Most often, this is a string containing your username for the
database of interest. You can use getUserName()
if you prefer to not
enter this argument and assume the default search and/or rules for finding
your username will work. This is the default behavior if you leave
username
as a missing argument, i.e., username <- getUserName(database = database)
. Sometimes this search will fail because of legacy rules, which
are unknown to the development team, that were used to create your
username. Please email the maintainer of this package if you need more
functionality here.
Most often, this is a string containing your password for
the database of interest. You can use the function ask_password()
if you
would prefer to be prompted for your password. Please do not share this
password with anyone or push code to a repository that has your password
saved in it.
A file path to the directory where the results will be saved. The default is the current working directory. The path can be relative or absolute.

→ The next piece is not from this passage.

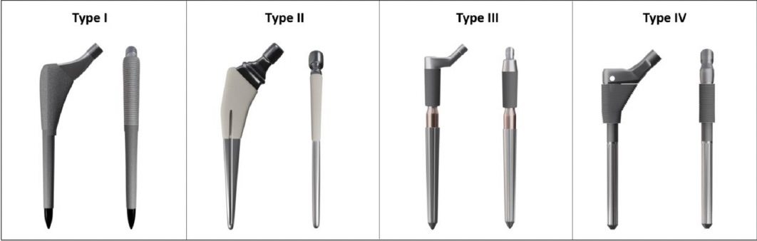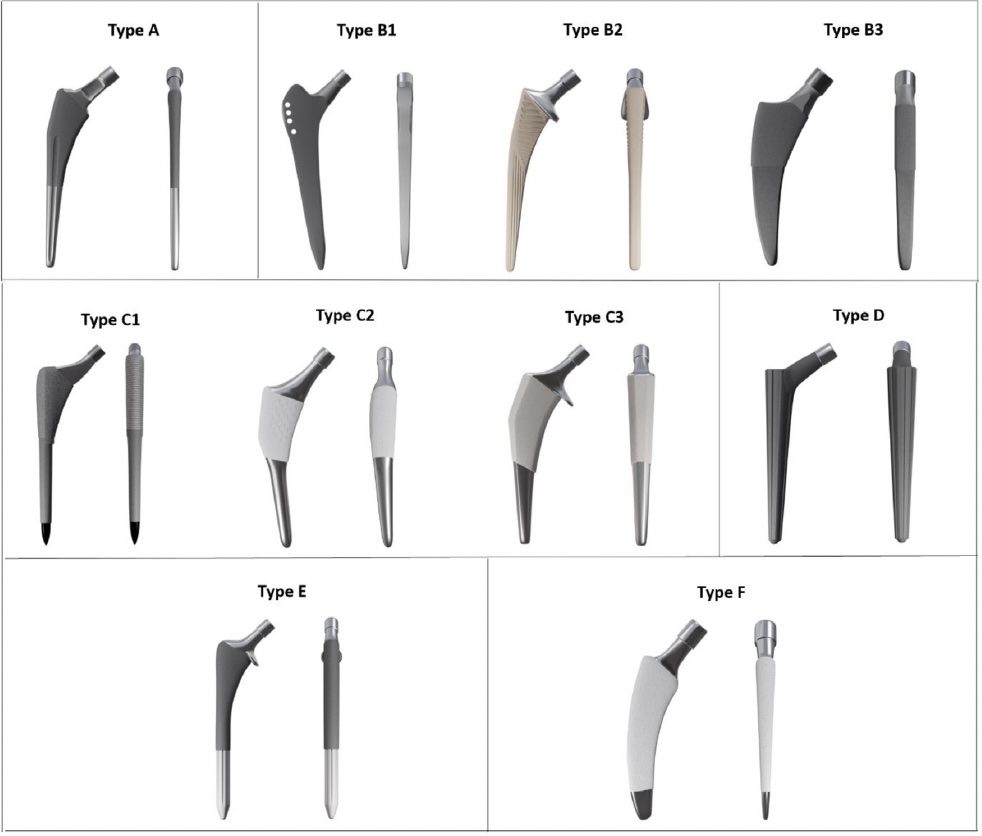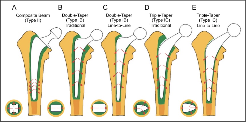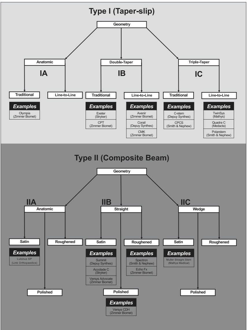 Introduction Types of fixation cement fixation polymethylmethacrylate (PMMA) biologic fixation (cementless fixation) bone ingrowth porous coating bone ongrowth grit-based collared femoral stem helps transfer stress to calcar, reduce early subsidence, and control insertion depth used in both cemented and cementless fixation History cemented fixation first described by Gluck in 1891 Charnley popularized technique in 1950s used cement borrowed from dentists failures in 1980s thought to be due to "cement disease" driving force to perfect cementless techniques cementless fixation used throughout 1900s, with varying results in 1983, FDA approved Anatomic Medullary Locking (AML) implant first microporous surface with potential for bone ingrowth proximally coated stems designed shortly thereafter due to concerns of thigh pain and osteolysis Prevalence of fixation technique increasing trend towards cementless fixation 93% of THA in United States in 2012 were cementless Templating can help achieve proper restoration of biomechanics and avoid complications standard radiograph with a known magnification and calibration marker is used goal is to optimize limb length and femoral offset Indications General indications: Debilitating pain with severe osteoarthritis affecting activities of daily living Failed conservative measures Hip fracture in native hip Avascular necrosis Cemented vs uncemented Dorr classification attempts to guide indications for cemented or uncemented femoral component fixation. Ratio is calculated as canal diameter 10 cm distal to midportion of lesser trochanter divided by inner canal diameter at midportion of lesser trochanter Dorr Classification Ratio Characteristics Suggested Femoral Component Fixation Type A < 0.5 Cortices seen on both AP and lateral XR Uncemented Type B 0.5 to 0.75 Thinning of posterior cortex on lateral XR Uncemented type C >0.75 Thinning of cortices on both views Cemented Acetabular cup fixation porous-coated cementless (preferred) porous-coated hemispheric cementless cemented fixation poor bone quality complicated revision cases Femoral stem fixation both cemented and cementless techniques are acceptable in THA cementless indications highly active young male types of cemented femoral stems type 1 (Taper-Slip) type 1A (anatomic) traditional example: Olympia (Zimmer Biomet) line-to-line type 1B (double taper) traditional examples: Exeter (Stryker) and CPT (Zimmer Biomet) line-to-line examples: Avenir (Zimmer Biomet), Corail (Depuy Synthes), and CMK (Zimmer Biomet) type 1C (triple taper) traditional examples: C-stem (Depuy Synthes) and CPCS (Smith & Nephew) line-to-line examples: TwinSys (Mathys), Quadra C (Medacta), and Polarstem (Smith & Nephew) type 2 (Composite Beam) type 2A (anatomic) satin example: Lubinus SP (Link Orthopaedics) polished roughened type 2B (straight) satin examples: Summit (Depuy Synthes), Accolade C (Stryker), and Versys Advocate (Zimmer Biomet) polished example: Versys CDH (Zimmer Biomet) roughened examples: Spectron (Smith & Nephew) and Echo Fx (Zimmer Biomet) type 2C (wedge) satin example: Muller Straight Stem (Mathys Medical) polished roughened types of cementless femoral stems type A (Flat Taper Stem) type B (Quadrangular Taper Stem) B1 (rectangular taper) B2 (quadrangular taper) B3 (short quadrangular taper) type C (Fit-and-Fill Stem) C1 (fit-and-fill) C2 (anatomic fit-and-fill) C3 (short fit-and-fill) type D (Conical Stem) type E (Cylindrical Stem) type F (Calcar-Guided Ultra-Short Neck-Preserving Stem) Stem Modularity type 1 (Head Modularity) type 2 (Neck Modularity) type 3 (Subtrochanteric Modularity) type 4 (Modular Metaphyseal Fixation Sleeve) Cement Fixation Mechanism acts as grout by producing interlocking fit between surfaces Indications femoral component elderly patients deeper penetration of cement in osteopenic patients provides excellent fixation irradiated bone bone ingrowth potential is limited with press-fit components in irradiated bone "stovepipe femur" also known as Dorr C femur enlarged metaphyseal region and lack of supporting isthmus make cementless fixation difficult acetabular component controversial cemented acetabular component fails at a higher rate than press-fit cement resists shear poorly Technique cementing techniques have evolved with time 1st generation hand-mixed cement finger packed cement no canal preparation or cement restrictor 2nd generation cement restrictor placement cement gun femoral canal preparation brush and dry 3rd generation vacuum-mixing to reduce cement porosity cement pressurization femoral canal preparation pulsatile lavage cement fixation optimized by limited porosity of cement leads to reduced stress points in cement vacuum mixing (most common) pressurization enhances cement interdigitation cement mantle > 2mm increased risk of mantle fractures if < 2mm mantle stiff femoral stem flexible stems place stress on cement mantle stem centralization avoid malpositioning of stem to decrease stress on cement mantle clean/dry bone pulsatile lavage of bone before cementing allows better interdigitation smooth femoral stem sharp edges produce sites of stress concentration absence of mantle defects defined as any area where the prosthesis touches cortical bone with no cement between creates an area of higher concentrated stress and is associated with higher loosening rates proper component positioning within femoral canal varus or valgus stem positioning increases stress on cement mantle Radiographic analysis Barrack and Harris grading system grade A complete filling of medullary canal "white-out" of cement-bone interface grade B slight radiolucency of cement-bone interface grade C radiolucencies > 50% of bone-cement interface or incomplete cement mantles grade D gross radiolucencies and/or failure of cement to surround tip of stem Biologic Fixation Mechanism 2 different types ingrowth bone grows into porous structure of implant ongrowth bone grows onto the microdivots in the grit blasted sur

A logical specifying if output should be written to the
screen or not. Good for testing and exploring your data but can be turned
off when output indicates information that you already know. The printing
of output to the screen does not affect any of the returned objects. The
default is to always print to the screen, i.e., verbose = TRUE
.
An RData
file is saved to the disk and the pulled data are returned as an
invisible()
data frame. The saved data can be read back in using load()
,
but note that upon loading, the object will be named bds.pacfin
, which is
its name inside of the .RData
file, and thus, the object will retain this
name within your work space unless you rename it. The data are in their raw,
form i.e., just as they were extracted from PacFIN, form and will need to be
cleaned prior to their use in downstream functions using cleanPacFIN()
.
Upon downloading, the data are changed from a long table to a wide table
using the combination of unique FISH_ID
and AGE_SEQUENCE_NUMBER
. This
change from long to wide allows for rows equating to a single fish with
columns containing information about all measurements for that fish. Multiple
age reads and information about those reads such as age reader will be in the
columns. The age read number, e.g., 1, 2, 3, 4, ..., is pasted onto the
column name separated by an underscore. So, the maximum number you see is the
maximum number of times an otolith was read in your data set. Not all double
reads are currently available within PacFIN and users should contact the
ageing labs if they wish to inform ageing-error matrices.
AGE_COUNT
is a somewhat cryptic column name and does not always make sense
when compared to AGE_SEQUENCE_NUMBER
. It was determined that the former is
useful to identify how many potential agers were exposed to this fish.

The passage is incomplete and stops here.